In Which Garry Tan Panics Over Nothing
One of the most common objections to this tax is the one Alexis Ohanian mentioned, about “taxing unrealized gains.” The phrase “unrealized gains” is a convenient tool for the billionaires and their allies, because it’s misleading if you take it at face value. It sounds like the tax is targeting hypothetical money that someone might get at a future point, but isn’t certain to get. But it’s not. It’s just talking about wealth that exists in a form other than U.S. dollars. That means stocks and bonds sitting in a portfolio, which have a specific dollar value at any given time, along with more exotic stores of value like art collections or gold bullion.
It’s important to tax those, because that’s how billionaires tend to store their wealth. With Elon Musk, for instance, a lot of his ever-expanding hoard consists of Tesla and xAI shares rather than hard currency. This is also how billionaires avoid tax: by borrowing money using their assets as collateral, so they technically don’t have “income” or “capital gains,” and using the borrowed money instead of their own to fund their lavish lifestyles.
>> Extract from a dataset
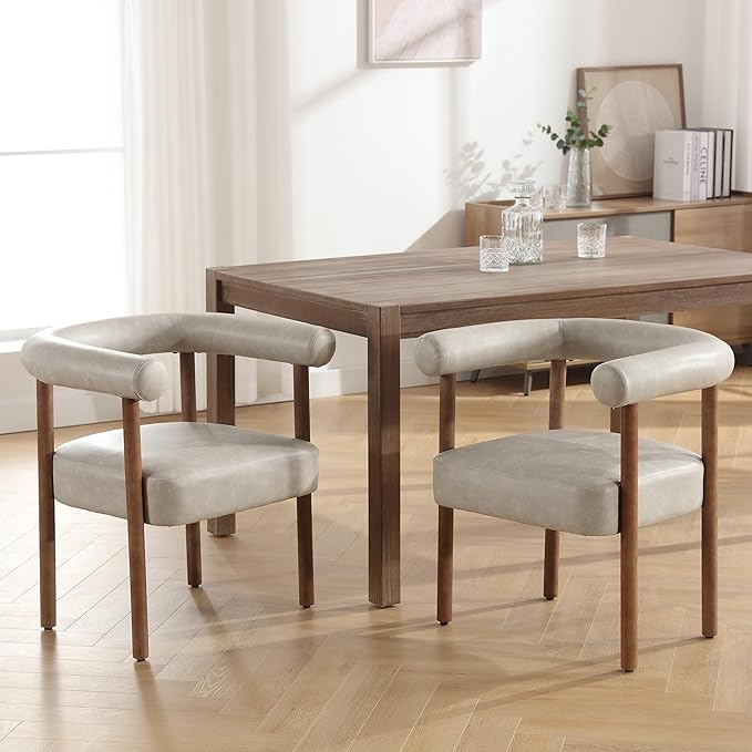 PU Leather Dining Chairs Set of 2, Modern Upholstered Dining Chairs, Curved Backrest Kitchen Dining Room Chairs Accent Chairs Arm Chairs with Natural Wood Legs, Grey

It’s called the “buy, borrow, die” cycle, because they just keep doing it until their deaths, and taxing the assets themselves is one of the only ways to address it. Ordinary people are taxed this way all the time: as Nina Turner recently pointed out, a property tax on the value of your house is also a tax on “unrealized gains,” because you haven’t actually sold the house and received the money. Pretending that houses are fair game, but mammoth stock portfolios and Caravaggios aren’t, is just incoherent.
The single most ludicrous use of the “unrealized gains” narrative, though, belongs to Garry Tan, the CEO of venture capital firm Y Combinator. In a long tweet from January 9, Tan claimed that one clause in the 2026 Billionaire Tax Act would devastate the founders of tech companies, including Google:
Larry [Page] and Sergey [Brin] can’t stay in California since the wealth tax as written would confiscate 50% of their Alphabet shares.
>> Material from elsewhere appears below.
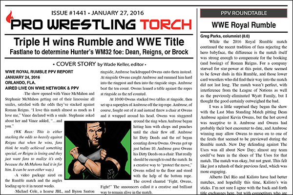 SUMMARY: Wade Keller’s cover story presents his detailed report on the Royal Rumble including star ratings for each match… Then Staff Roundtable Reviews of the Royal Rumble with scores by Bruce Mitchell, James Caldwell, Sean Radican, Todd Martin, Greg Parks, and Wade Keller… Keller’s Raw Report with analysis thoughout… Newswire coverage of the week’s top stories and insider tidbits including which wrestler in the Royal Rumble got a key part of the changed… VIP exclusive feature columns from Greg Parks and Bruce Mitchell looking ahead to WrestleMania 32… Wade Keller’s End Notes on why the Roman Reigns experiment really should be over, at least as far as him being a top babyface…

Each own ~3% of Alphabet's stock, worth about $120 billion each at today's ~$4 trillion market cap.
But because their shares have 10x voting power, the SEIU-UHW California billionaire tax would treat them as owning 30% of Alphabet (3% × 10 = 30%). That means each founder's taxable wealth would be $1.2 trillion.
A 5% wealth tax on $1.2 trillion = $60 billion tax bill, each.
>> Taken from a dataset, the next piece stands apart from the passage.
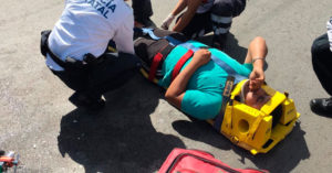 Un joven sufrió una grave lesión, luego que al conducir su motocicleta a exceso de velocidad, pierde control y termina sobre el pavimento, en el bulevar Hombres Ilustres

That's 50% of their actual Alphabet holdings—wiped out by a "5%" tax.
Palmer Luckey, a Peter Thiel acolyte and the founder of the Tolkien-themed weapons company Anduril, agrees with Tan, writing in a response that the tax “makes founder-led companies practically illegal”:
If a founder-CEO of a $1B private company owns 3% but keeps 100% of the voting power, he gets taxed on the value of the whole company.
$50M tax bill for $30M net worth.
All of that certainly sounds scary and unfair. Fortunately, it isn’t true. There is a clause in the bill, which Tan quotes, that says so-called “super-voting” stocks (which confer more than one vote per stock, and are often used to give founders and other insiders more control over a company) can be taxed at a higher rate than regular stocks. It’s number 50303(c)(3)(C), and it reads like this:
For any interests that confer voting or other direct control rights, the percentage of the business entity owned by the taxpayer shall be presumed to be not less than the taxpayer's percentage of the overall voting or other direct control rights.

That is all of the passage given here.